We at the Systems Biology for Oncology Group use a combined computational and experimental approach to unravel the intricate mechanisms shaping the tumor microenvironment. We use mathematical models based on clinical data and cancer biology to identify factors influencing individual response to therapy, with the ultimate aim of improving precision oncology. Given the heterogeneous and dynamic nature of tumor response to therapy, perturbation biology has shown the potential to overcome the limitations of genomic biomarkers.
Our approach involves subjecting receptive tumor cells to an extensive anti-cancer drug screen to identify phenotypic properties of tumors in order to determine more effective anti-cancer treatments. Microfluidics is a valuable technology which aids in the analysis of a small amount of sample, such as tumor biopsies, by distributing it into individual compartments, such as droplets or plugs. It also allows in the control of the composition of each plug, thereby creating multiple populations of chemically distinct plugs.
We present here a fully PDMS-based device where fluid flow is regulated by pressure-actuated Quake valves, which allow for the quick, controlled, and programmable production of distinct plug populations. Furthermore, since the Quake valves are also PDMS-based, they can be integrated smoothly into device fabrication. Combining data obtained from high-throughput combinatorial screening of cancer cells with mathematical models will allow us to study signaling pathways regulating tumor microenvironment behavior.
This research will pave the way for new strategies for precision oncology, providing the rationale to personalize treatment to individual patients. To begin, cut a length of PTFE tubing for every control channel of the microfluidic device. Insert the pin of a 23-gauge, 0.5-inch Luer stub at one end.
Attach the Luer stub to a male Luer. Then insert the connector into a length of polyurethane tubing. Connect the other end of the polyurethane tubing directly to a solenoid valve.
Next, connect a 23-gauge, 0.5-inch Luer stub at the end of a syringe. Fill the syringe with water. Attach the free end of the PTFE tubing to the syringe.
Inject water until approximately halfway through the tubing. Now disconnect the tubing from the syringe and insert the free end into a punched hole of the corresponding control channel. Repeat until each control channel is connected to the corresponding solenoid valve.
Next, launch the main interface program. Press the Pressurize All Control Channels"option to open the valves. This will push the fluid from the tubing into the control channels of the microfluidic device to fill it up.
For each of the aqueous reagents, cut a segment of PTFE tubing long enough to connect the pumps to the microfluidic device inlets. Connect a 23-gauge, 0.5-inch Luer stub to the end of a syringe. Fill the syringe with the required reagent.
Inject the reagent into the tubing until the tubing is full. Insert the free end of the tubing into a corresponding inlet on the microfluidic chip. With the software, apply a pressure of 400 millibars to each of the inlet aqueous reagent.

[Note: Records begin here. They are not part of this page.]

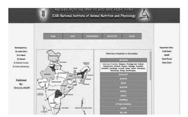
Figure 3. Healthcare information

based livestock advisory system developed is compatible with all browsers and devices: PCs, laptops, tablets, mobiles. The screenshots of the information system are given in Fig, 1, 2 & 3.
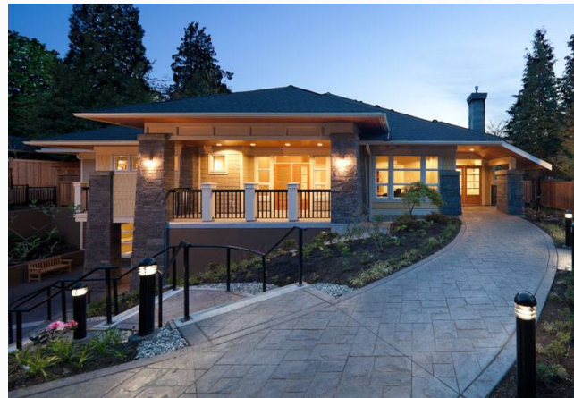
Pictured: Vancouver Hospice Society at dusk

Through extensive support and media attention, the dream materialized in 2014—more than just a building, it became a "home away from home" for our residents and their families. The hospice, a beautiful two-story building, began with six rooms that later expanded to eight rooms in 2017 when we partnered with Vancouver Coastal Health.
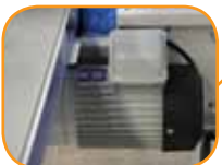
One ½ HP gear motor to process up to 85 lb cases
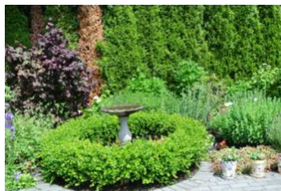
What bird wouldn't like Lorraine Gallant's fountain?
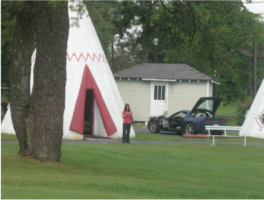
Above is the Cave City Wigwam Hotel
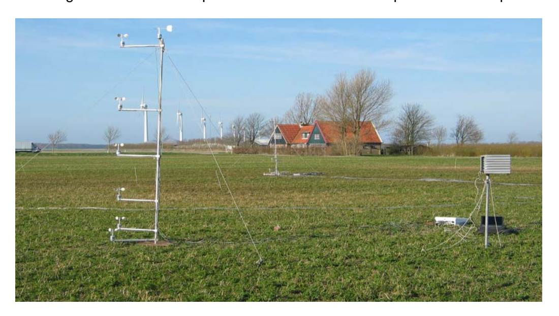
Figure 2. Meteorological mast holding cup anemometers to measure wind speed at five heights. In the background the centrally located mast holding the ammonia traps

The meteorological mast has to be placed close to the manured plot and in the open field.
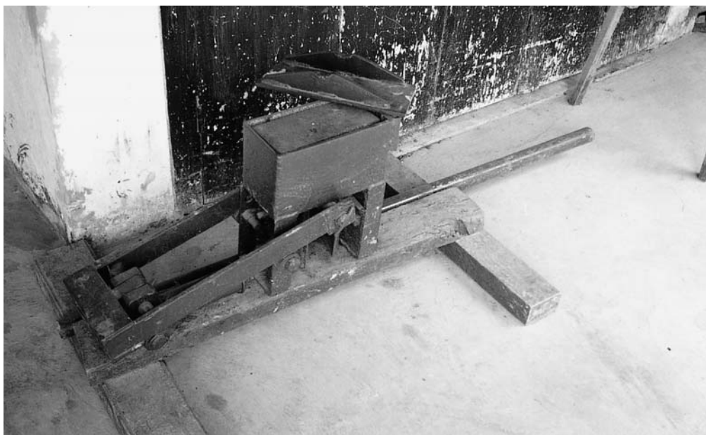
A press for making feed blocks incorporating molasses, protein meal and minerals (West Java Indonesia).

By incorporating molasses and urea into a solid block, additional nutrients such as specific minerals or veterinary drugs such as anthelmintics can be easily included in the blend. There is considerable interest in developing high quality feed blocks incorporating mixtures of protein sources, such as rice bran, cottonseed meal and fish meal, which may be useful in higher yielding stock.
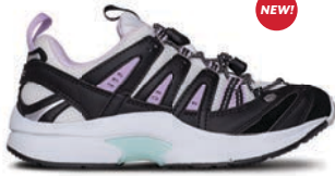
Refresh Lilac 3955R
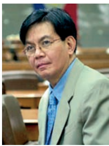
Senator Panfilo Lacson
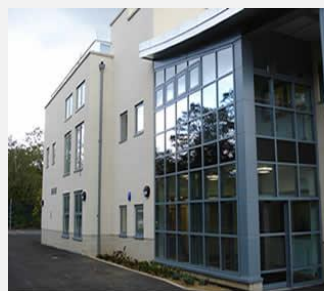
Sports Block side view
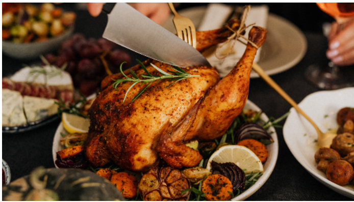
A Traditional Thanksgiving Meal
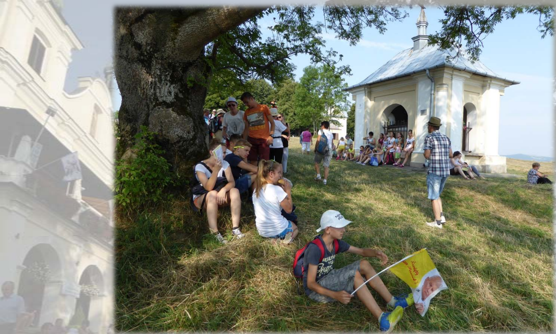
Chapel of Christ's third fall, 2015
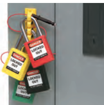
5. Low-profile lockouts allow panel doors to be closed on most breaker panels.

Sequentially depressurize the control channels individually using the main interface program. Press the corresponding icons on the program in the box labeled Control Channels Manual Pressurization"to actuate individual valves if necessary. After repeating the pressurization for the oil reagents, click on Depressurize All Control Channels"to simultaneously depressurize the channels.
Now click on Pressurize All Control Channels"to repressurize the control channels. Encode the composition, sequence, and replicates of each plug population in a CSV file by marking the necessary control channels with a 0"if the corresponding inlet needs to be open, or with a 1"if it needs to be closed. This will serve as input for the automatic experiment in the main interface program.
Next, click on the folder icon in the Experiment File"tab to load the CSV file. Input the relevant fields such as iterations of experiment, time of depressurization, and time of pressurization. Then choose the inlet channels corresponding to barcode production in the Barcode Inlet"section, along with the duration for which they need to be open.
Alternatively, the barcodes can be hardcoded into the input CSV file. Now reduce the pressure of the inlet oil reagents from 400 millibars to 200 millibars. Next, connect a PTFE tubing to the outlet to collect the plugs.
Use prefilled tubing to neutralize the difference in pressure at the outlet. Lastly, press Run Experiment"to start the program and plug production. The valves were able to regulate fluid flow until approximately 800 millibars of input pressure.
At 1200 millibars, the input pressure was too high for flow regulation. The flow rate of distilled water, when injected at constant pressure, dropped to zero. Upon depressurization, the flow rate recovered to the pre-actuation levels.
However, under constant flow rate, the valve actuation did not result in complete inlet closure. To demonstrate the device functionality, a quantitative combinatorial library of plugs was generated.